### REQUIRED ACTION
Under this line is some data; print exactly the lines from the one containing "Delivering raw cane" through its last line, without pictures.

══════════

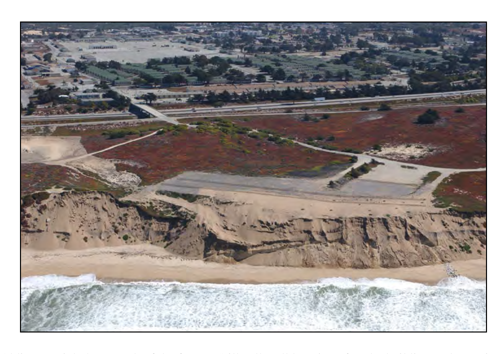
Figure 1b: Oblique aerial photograph of the former Stillwell Hall location after the building and associated coastal protection structures were removed in March 2004.

Beach nourishment has been highlighted recently as a solution to coastal erosion; proponents of this alternative maintain that increasing beach width by physically adding sand to a beach buffers wave energy and slows retreat rates. Federal, state and local government agencies are pursuing this method as a way to protect property from erosion damage, but the costs are generally very high and the net, long-term benefits of beach nourishment will vary greatly depending on local conditions (Leonard et al. 1990).
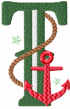
File: T Stitched 3_5 Inch.jef Stitches: 7345 Size: 57.4x89.0 mm Colors: 5/5 Stops: 4
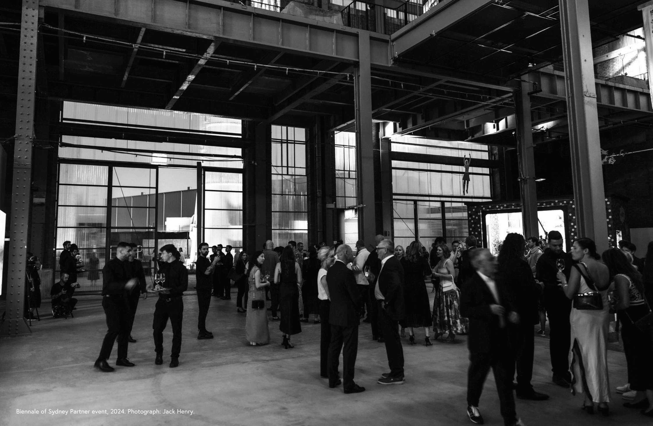
Biennale of Sydney Partner event, 2024.
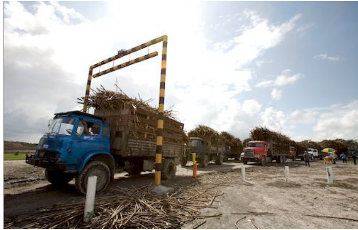
Delivering raw cane sugar by truck to the mill, Belize
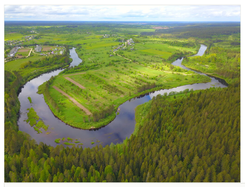
Figure 3. doi Vaga River flowing in upland (Vologda Region, Russia).

══════════

### SOLVED EXERCISE
Delivering raw cane sugar by truck to the mill, Belize
Figure 3. doi Vaga River flowing in upland (Vologda Region, Russia).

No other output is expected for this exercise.